Cardiff paper

by Thomas Krichel

Status

This is the Cardiff paper. It describes a work program for the construction of a new interface to select documents in the ACIS documents selection screen.

This is the version of 2008–05–08.

Other versions include

2008–04–30

I am grateful for comments by Ivan V. Kurmanov.

Introduction

A key function of the ACIS software is selection of documents, the authorship or editorship of which correspond to the registrant’s name variations profile.

To settle terminology, let us call such documents “nominal documents”.

ACIS was first implemented for the RePEc document data collection, which is medium sized, say roughly 500k records. The set of nominal documents remains within reasonable limits so that the manual selection of documents is not too onerous.

AuthorClaim's document collection stands at 34 times the size of RePEc. Much of that size comes from the PubMed dataset that does not have first names, just initials.

Joanna P. Davies found out that there are in excess of 400 nominal documents for her variations. And she is lucky because she is called Davies, rather than Davis which is the more common form.

Debates between Joanna P. Davies and Thomas Krichel have focussed on whether the addition of a keyword search will be sufficient, or whether a machine learning approach is required. This proposal seeks to integrate keywords with machine learning.

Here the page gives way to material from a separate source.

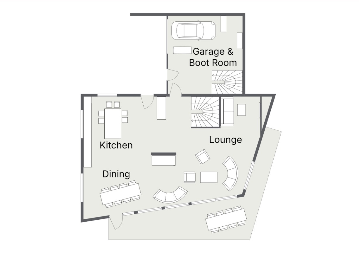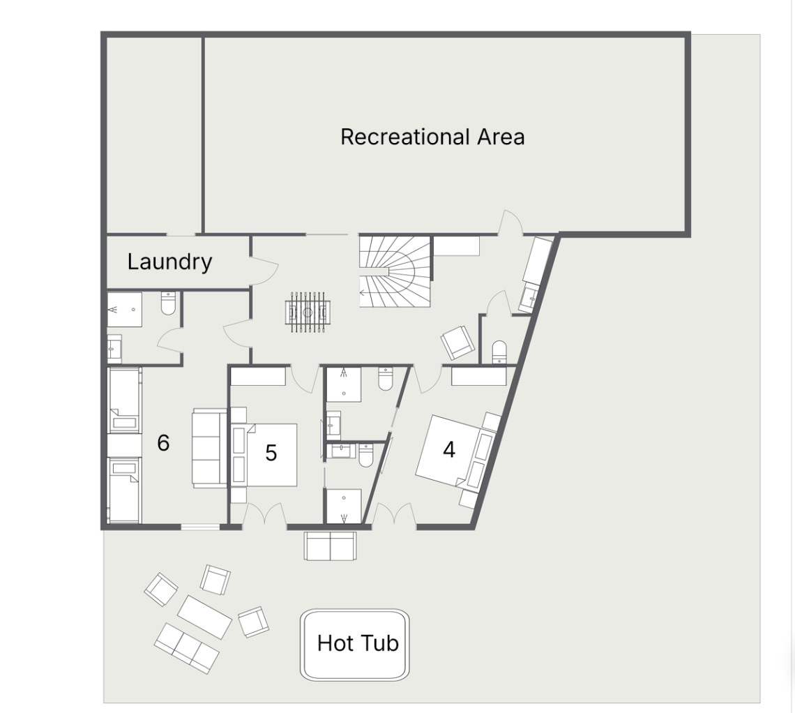 In total there are 6 bedrooms allowing the chalet to sleep up to 12 people. The master suite, as you would expect, is an indulgent affair. Set on the first floor it enjoys the best of the views and also features a luxurious en-suite. Next to this there is a second versatile suite which can either be accessed from the main chalet as a guest bedroom, or by an independent entrance. The layout has been made in this way for guests travelling with staff, allowing them to integrate with your family in a discreet and convenient manner, whilst also giving them their own space and privacy when they are not working. There are a further two regular rooms on the lower ground level, as well as two bunk rooms which are suitable for use by both children or adults meaning the chalet will suit a wide range of groups. Five of the six rooms are en-suite, with only the smaller of the bunk rooms on the top floor sharing facilities with one of the two main suites.

The interface at initial registration

This section has a basic discussion of the interface.

Nominal document can in three states.

unstated [u]
claimed [c]
refused [r]

A nominal document can only pass

from [u] to [c]
from [u] to [r]
from [c] to [r]
from [r] to [c]

On initial registration, nothing is know about the user. The user is shown all nominal documents, all have state [u]. Each carries a button to move it state [c] and one button to move it to state [r].

There are four buttons

"select all with this keyword" (textbox) [cb]
"deselect all with this keyword" (textbox) [rb]
"order" [ob]

[cb] will push all nominal documents that have the keywords from [u] to [c]. If the keyword is blank, all nominal documents in [u] will be selected. If there are documents in [r] that would be moved to [c], had they been in state [u], a warning will be issued. The warning will tell the used to press [cb] again to move even those documents. An analogous reasoning applies for [rb]. Both [cb] and [rb] use only JavaScript and make no use of the server.

[ob] will result in an error message if there is not at least [c] and at least one [r] document. Else, [ob] will push the [c] documents to the top, the [r] documents to the bottom, and order the [u] documents such that the most likely document to be going to [c] is at the top of the [u] documents, and the that the least likely document to be going to [c] is at the bottom of the [u] documents, just above the first [r] document.

Ordering uses statistical learning via SVM_light. The titles are sent to the server and ACIS sorts them.

Observabilty

In a lab environment, we use random titles from RePEc, DBLP, and PubMed. We try to learn on of them.

The lab environment can also be used to develop and test a simple reporting language, and develops database storage for expressions in that language.

Student dissertation

The title will be “Item selection with machine learning in a web interface”.

The dissertation reports on the results of the lab environment first and sets out the reporting language.

It gives some overview over the running of the system, but no serious stats, just a few graphs with results gathered from actual running.